Los Ángeles fue una mala idea, y estuve allí dos semanas. Era el país primordial
de Downes, allí había muchos fragmentos del Sueño aguardándome para
asaltarme. Casi estrellé el coche en el estrechamiento de una salida, cerca de
Disneylandia, donde la carretera se desplegó, como en un truco de papiroflexia,
y me dejó esquivando siseantes gotas de cromo con aletas de tiburón en una
docena de minicarriles.

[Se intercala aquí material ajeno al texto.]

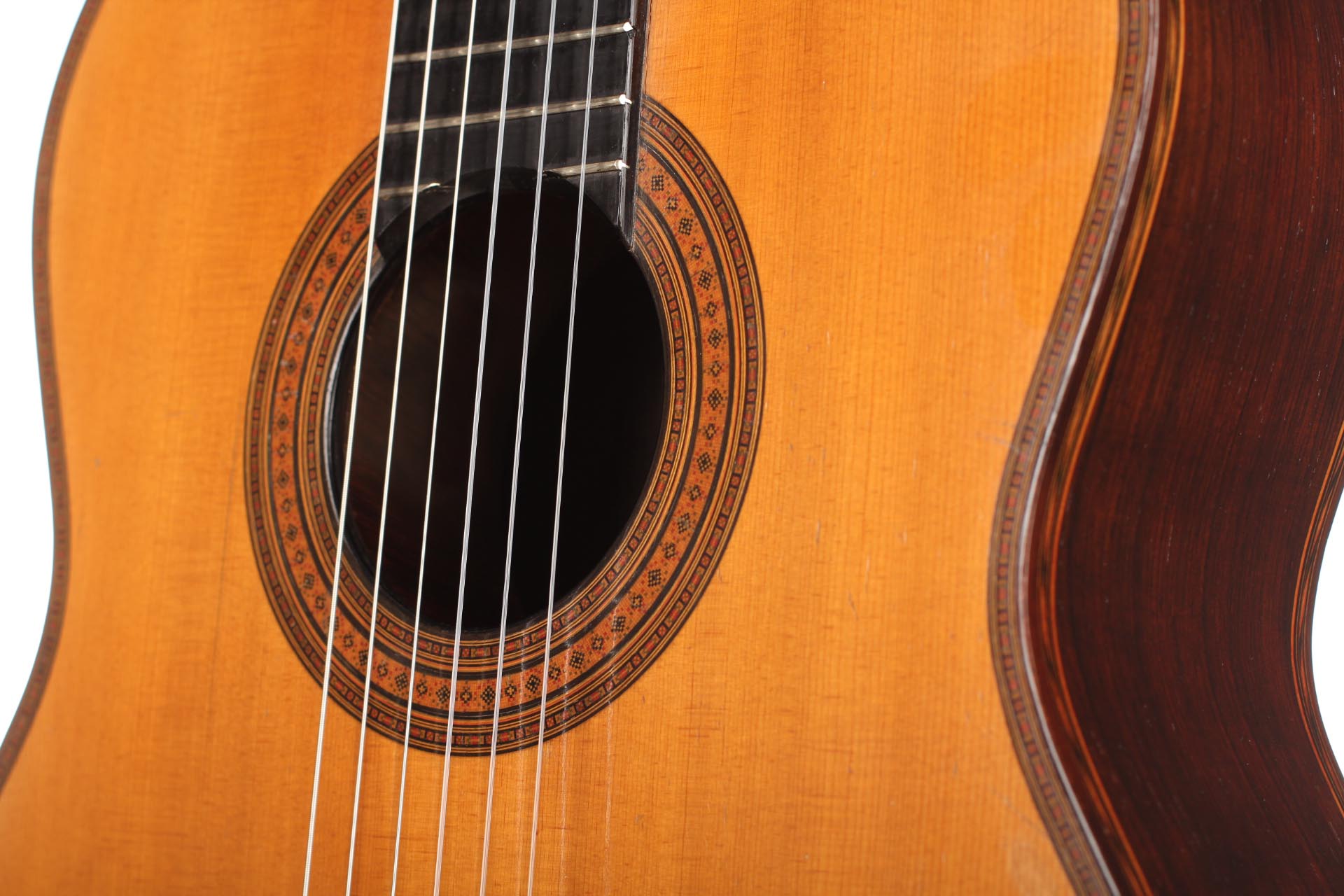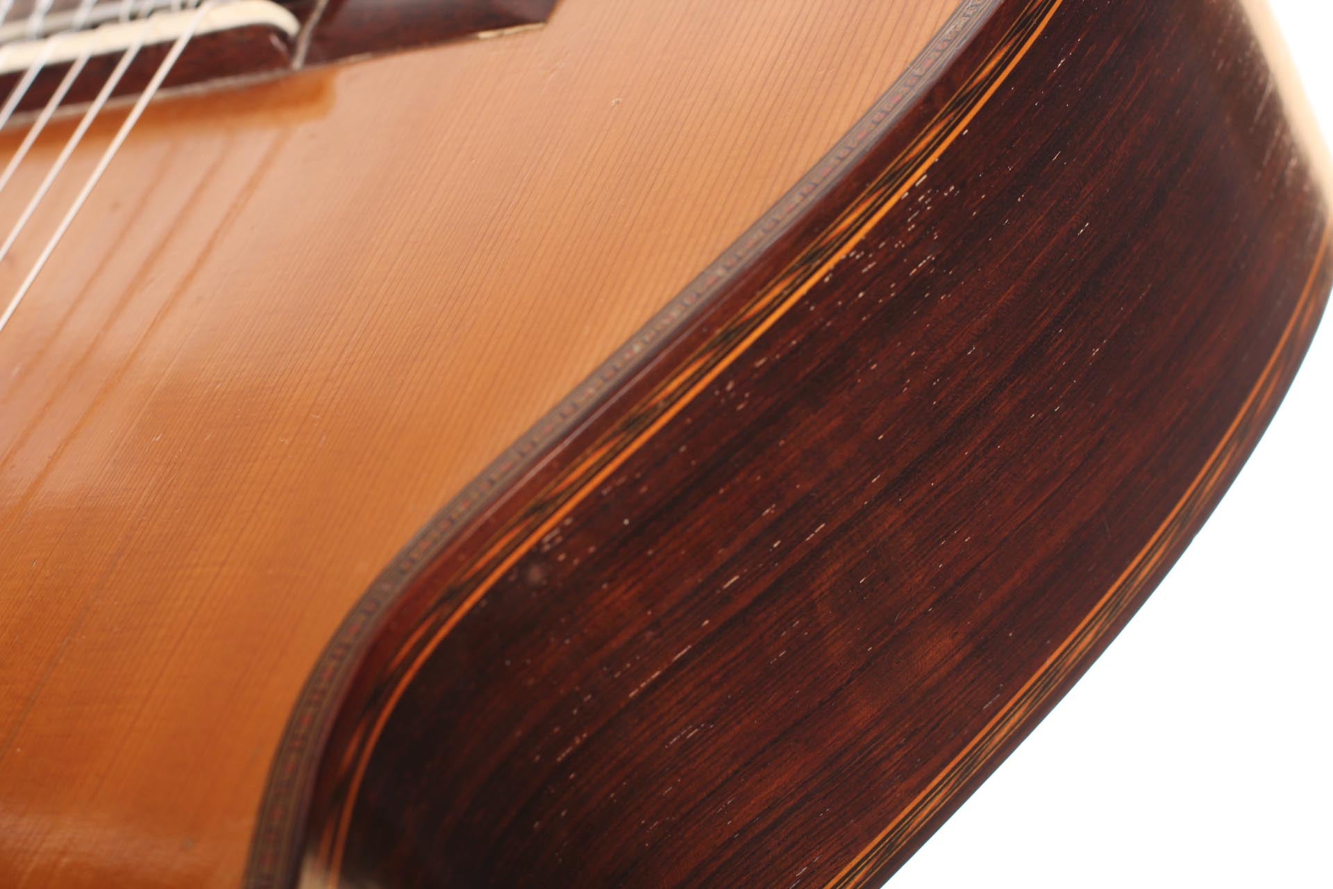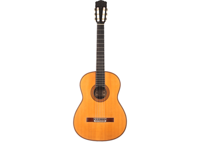This Guitar was built in 1927 and wears the number 162. It has a beautiful spruce top and Cites pre-convention Brazilian rosewood back and sides. The top and the back have a few repaired cracks. The ebony head-plate is carved and the head wears old Fustero tuners. A very special feature of this guitar is the rosewood tornavoz that goes down to the half of the depth of the sound box. It gives the guitar extraordinary deep and warm basses, projecting easily and giving a smooth stroke-feeling. This guitar is a unique collection instrument and has the very sound one is looking for, when playing some Tarrega, Granados, Albeniz, etc.The original case is included.

Todavía peor, Hollywood estaba llena de gente que se
parecía demasiado a la pareja que había visto en Arizona. Contraté a un director
italiano que estaba a punto de irse y que intentaba ganar algo de dinero hasta
que llegara su barco con trabajos de revelado e instalando enlosados en los
bordes de las piscinas. Hizo revelados de todos los negativos que había
acumulado para el trabajo de Downes. No quise echar un vistazo al material. A
Leonardo no pareció importarle y, cuando terminó, comprobé las copias
pasándolas a toda prisa, como si fueran una baraja de naipes, y las mandé por
correo aéreo a Londres. Luego tomé un taxi para ir al cine donde echaban Nazi
Love Motel manteniendo los ojos cerrados durante todo el trayecto.
-Qué asco de mundo en el que vivimos, ¿eh? -el quiosquero era un negro
delgado con dientes estropeados y un evidente peluquín. Asentí, rebuscando el
cambio en mis vaqueros, ansioso por encontrar un banco en el parque donde
poderme sumergir en la duras evidencias de la casi distopía humana en la que
vivimos-. Pero podría ser peor, ¿eh?